Long after my recent plant purchase I have found some new creatures in my tank-snails! There are two different types, the flat brown type and a pointy shelled type. I found some eggs, too, on a plant that I scraped off and the fish attacked thinking it was food. This is new to me...

Do I need to get rid of them? Can I get rid of them? What are up sides and down sides to keeping snails that come with freshwater plants?


----------



## MyraVan (Jan 19, 2005)

Well, to be honest I haven't found any downsides to the snails in my tanks. I have little ramshorns and cute little "mini-mystery snais"








I once had some pond snails, but my rosy barbs took care of them (they are such greedy fish...)

Your pointy shelled things are either pond snails
http://mikes-machine.mine.nu/specimens/Physa_sp_DSCN4592.jpg
or MTS (Malaysian Trumpet Snails)
http://mikes-machine.mine.nu/specimens/Melanoides_sp_DSCN8220.jpg

You don't need to get rid of them, but do keep their numbers under control. Don't feed too much fish food, and if you find that you have too many of them, then remove some of them. You can rid of the excess snails by putting in some lettuce in the evening, and in the morning, pull it out, covered with snails.


----------



## euRasian32 (May 19, 2005)

I don't know how true, but I've read that Malaysian trumpets can be canniballistic if there aren't enough food/nutrients for them in the tank.
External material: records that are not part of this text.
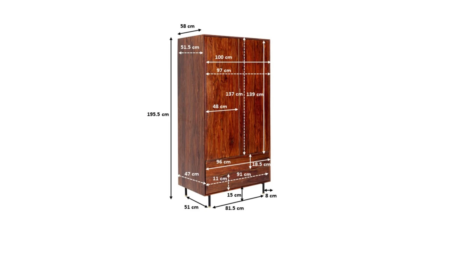 - Jede Menge Stauraum: Hinter zwei Türen und in zwei Schubladen ist viel Platz für Jacken, Hosen, Pullis und vieles mehr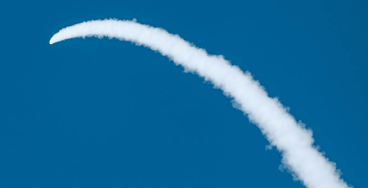 Een gelanceerde Patriot laat een fel wit spoor achter tegen een strakblauwe lucht.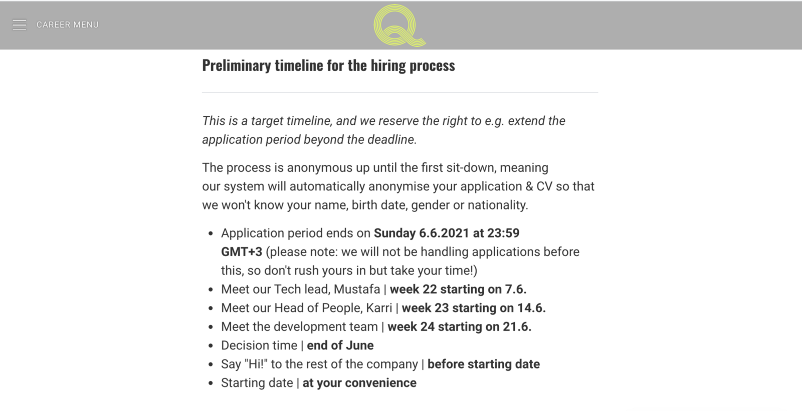 Most of us like to be able to plan our lives, personal and professional. Telling potential applicants how your hiring process works, allows them to do that. Naturally, timelines may change, but being given a general idea of the steps involved is useful to candidates.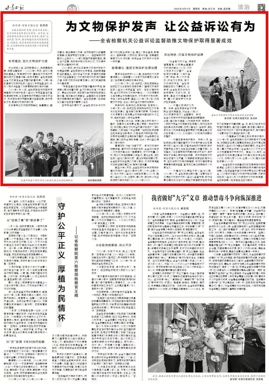 2022年8月4日,甘肃日报八版刊发《为文物保护发声 让公益诉讼有为——全省检察机关公益诉讼监督助推文物保护取得显著成效》。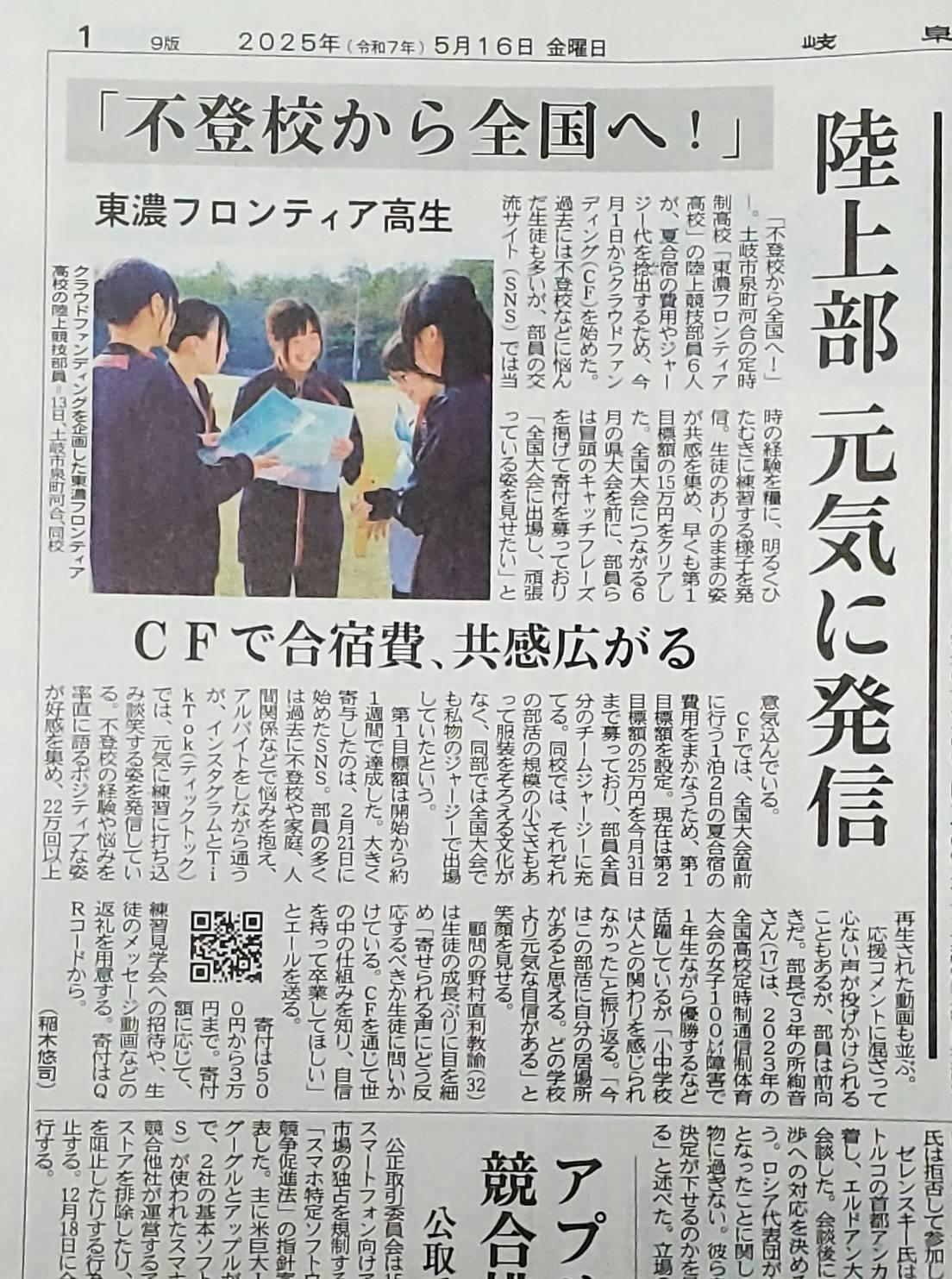 先日、岐阜新聞の記者さん(稲木さん)が私たちを取材してくださり、記事として掲載されました。

I've got close to a hundred MTS's in my 125.


----------



## Magdelaine (Apr 9, 2005)

It seems the pointy shell is an MTS from the pictures, and the flat shelled sort is a ramshorn. I haven't been super good about keeping my water changed and tank cleaned lately, which is one reason why they are suddenly so big and I'm just now noticing them...but it seems like they are helping keep my tank cleaner than not. On a rock that I took out and forgot to put back I found at least one tiny baby one, so they are already reproducing.
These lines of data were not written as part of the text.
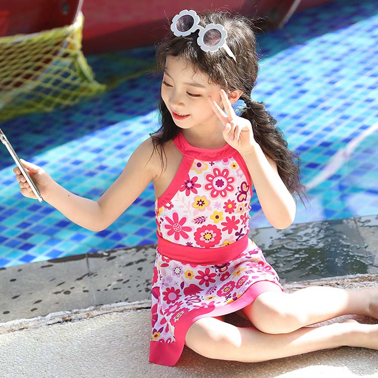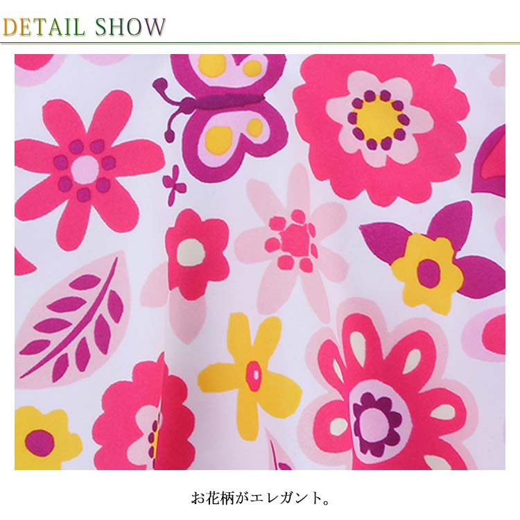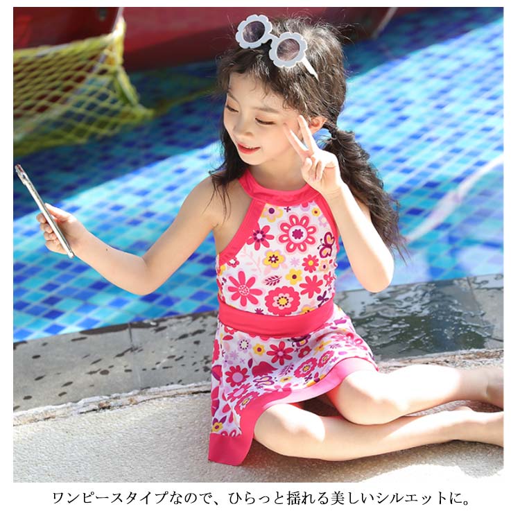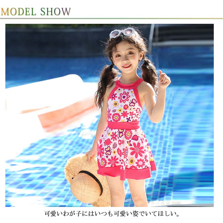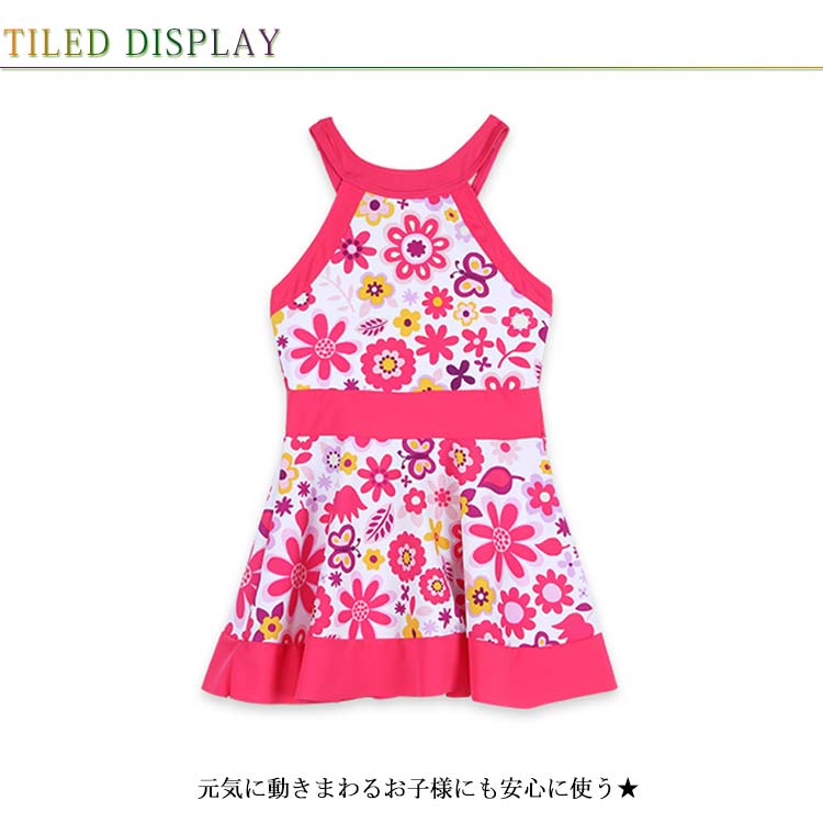 | 明るく爽やかな雰囲気を演出するキッズ用水着 可愛いわが子にはいつも可愛い姿でいてほしい。 お花柄がエレガント。 ワンピースタイプなので、ひらっと揺れる美しいシルエットに。 | |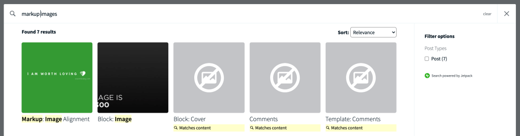 We also made Jetpack Search even faster on your site! This release significantly reduces the size of the JavaScript assets that enable the Instant Search experience. We’ve also added lazy loading of search result images, which defers loading these images until they are visible to the user.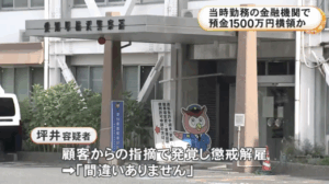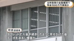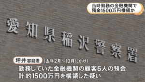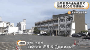 2025年12月、愛知県の金融機関で元社員が顧客の預金約1500万円を横領したとして、坪井良将容疑者が逮捕されました。

Ok, I'll let them stay for now...I kind of like them. But I don't want them over-running my tank. But on the subject of overfeeding...
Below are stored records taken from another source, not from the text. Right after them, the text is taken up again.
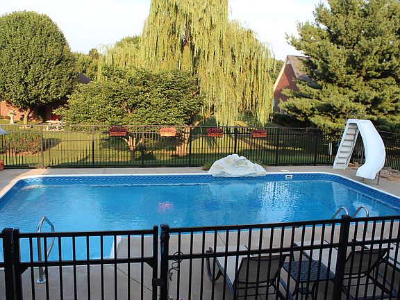 Custom 1-owner home with 18 x 36 fenced salt water pool; Open living area/fireplace, dining room, utility with office space & large master suite; Custom kitchen & bay breakfast area (all stainless kitchen appliances remain); Cherry cabinets & granite; Cherry hardwood, slate, tile & carpet; Tray ceilings, wide doorways/trim; 4 bedrooms (3/bonus) & floored attic; Covered front porch & screened back porch, mature landscaping, brick/stone exterior, large 2-car side entry garage & attached storage area.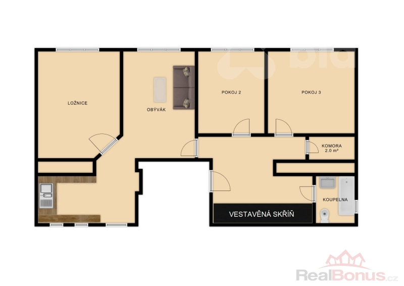 - 3 samostatné neprůchozí pokoje.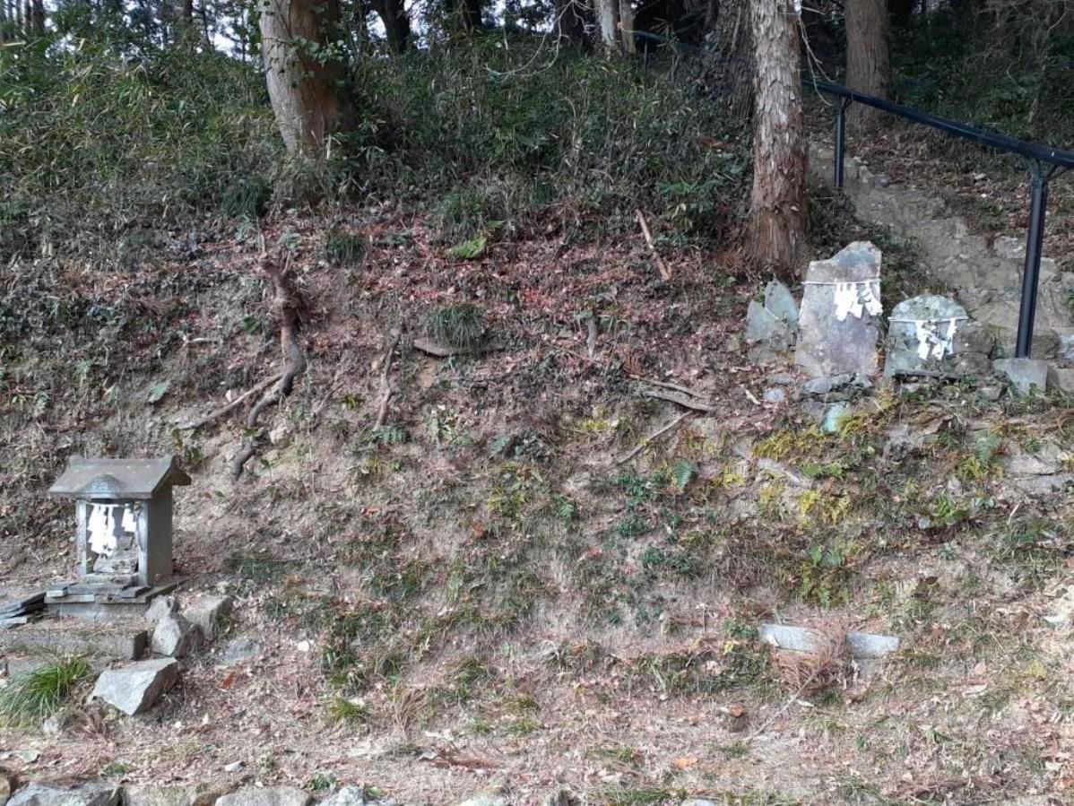 参道北側の斜面一角に平地があり、地蔵尊、法印墓石等が建つことから、かつての別当があったことが推察される。丹波守の後裔にあたる原川健家で現在祀られている雌雄の木彫りの馬は、この当時の神体であり、神仏分離により原川家に預けられた。左甚五郎の作と伝え、夜毎作物を食い荒らすので、古くは鎖に繋がれていたという。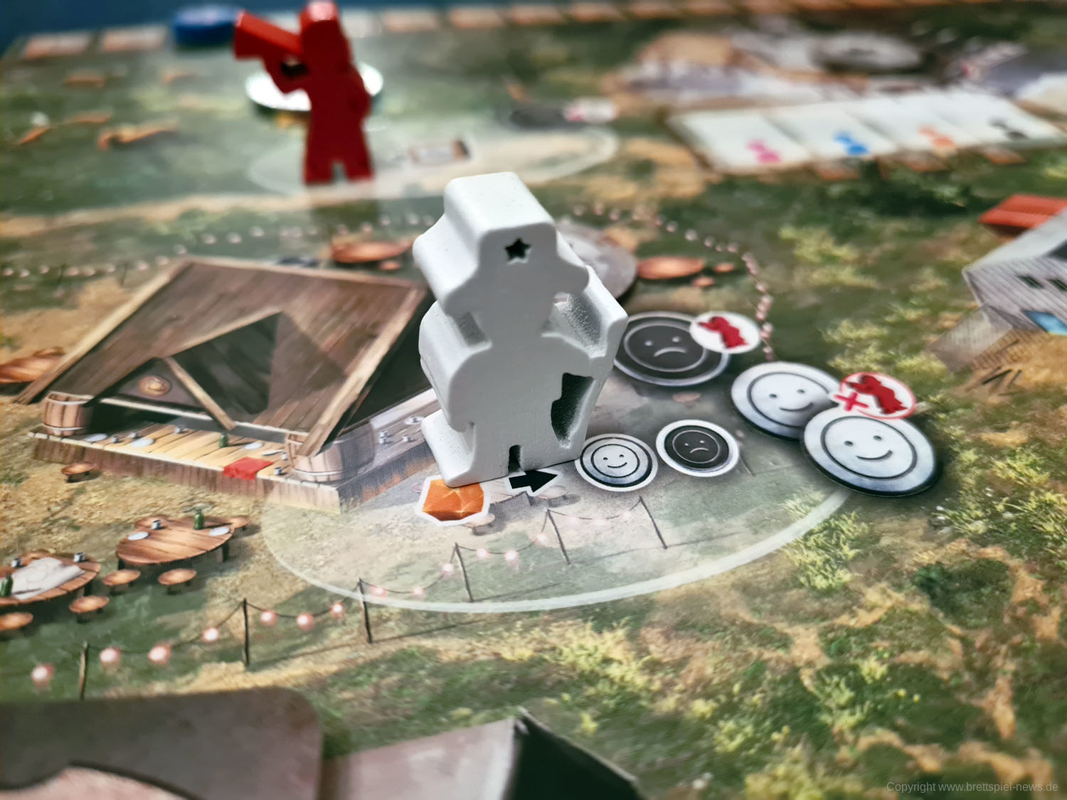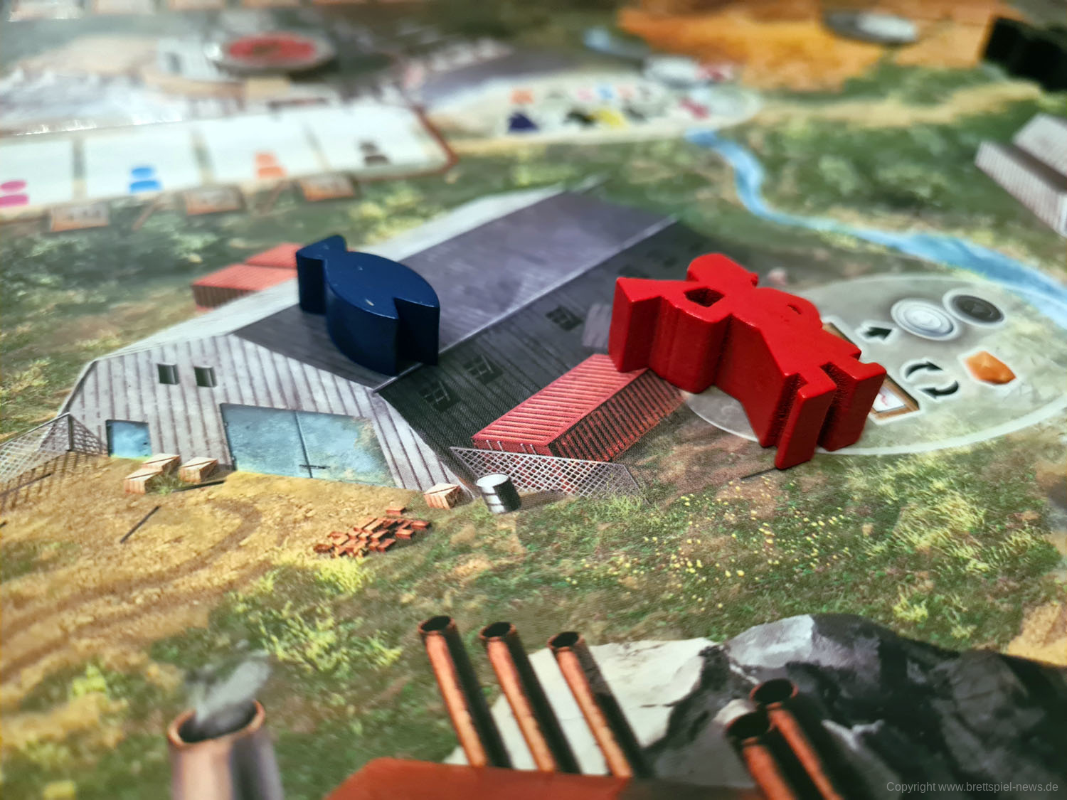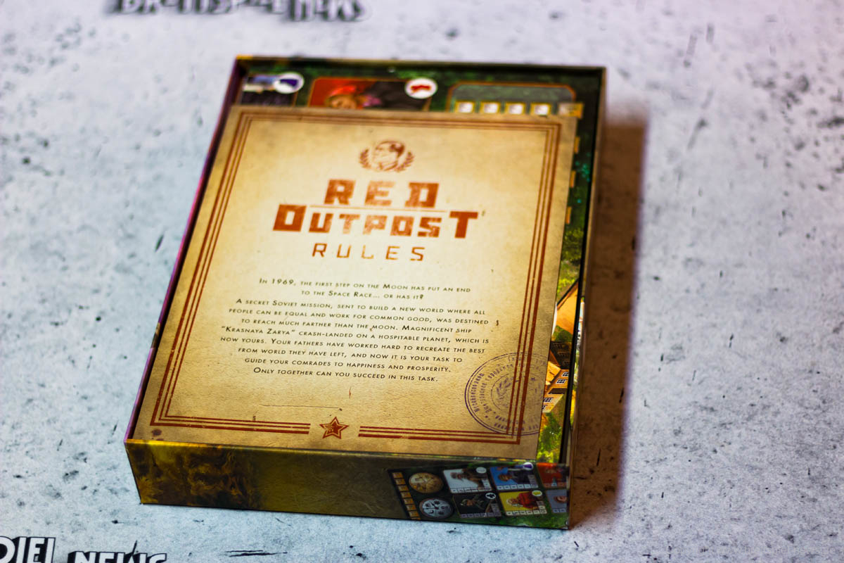 Das Thema Weltraum wirkt bei RED OUTPOST letztlich aufgesetzt. Ich habe neue Mitspieler nach einer Partie gefragt, was denn das Thema des Spiels sei. Niemand erwähnte daraufhin die Weltraum-Thematik. Ich vermute, dass man diese als Aufhänger ausgewählt hat, weil die Angst bestand, dass das Spiel ohne sie nicht ansprechend genug für potentielle Spieler sein könnte. Wer sich also auf eine tolle Weltraumatmosphäre freut, wird hier definitiv enttäuscht. Die Idee von der sowjetischen Siedlung wird dagegen sehr gut umgesetzt.

BTW, I always feel like I'm overfeeding my fish from the amount of junk I get in my gravel. I feed them a small pinch of flaked food once every day and I skip days about twice a week. Food never gets to the floor (although if it does because of a current a fish will find it and eat it) and it dissapears within about 30 seconds. Can I feed my fish even less? They seem kinda skinny. I know I'm not overstocked.


----------



## Damon (Jan 18, 2005)

Snails are beneficial and harmful to a planted tank, depending on the species and the person who owns the tank. While MTS and ramshorn don't eat plants, I find them unsightly and I add snail predators to a tank that has them. Pond snails are a nusiance and will decour all but the most hard plants. Apple/mystery snails can eat plants but usually dont. Its a matter of preference but pond snails (though the name is incorrect) are one you will want to get rid of. I suspect this is what you have as MTS are livebearing and only pond snails lay thier eggs underwater (of the snails commonly found in aquariums).


----------



## MyraVan (Jan 19, 2005)

It seems the Simpte's experience with pond snail is different from that of me and my friends. When I had pond snails (before the rosy barbs got rid of them) my plants didn't suffer, and I have a couple of friends with planted tanks, and their plants don't seem to suffer. Perhaps there are some circumstances under which pond snails eat plants and some under which they don't?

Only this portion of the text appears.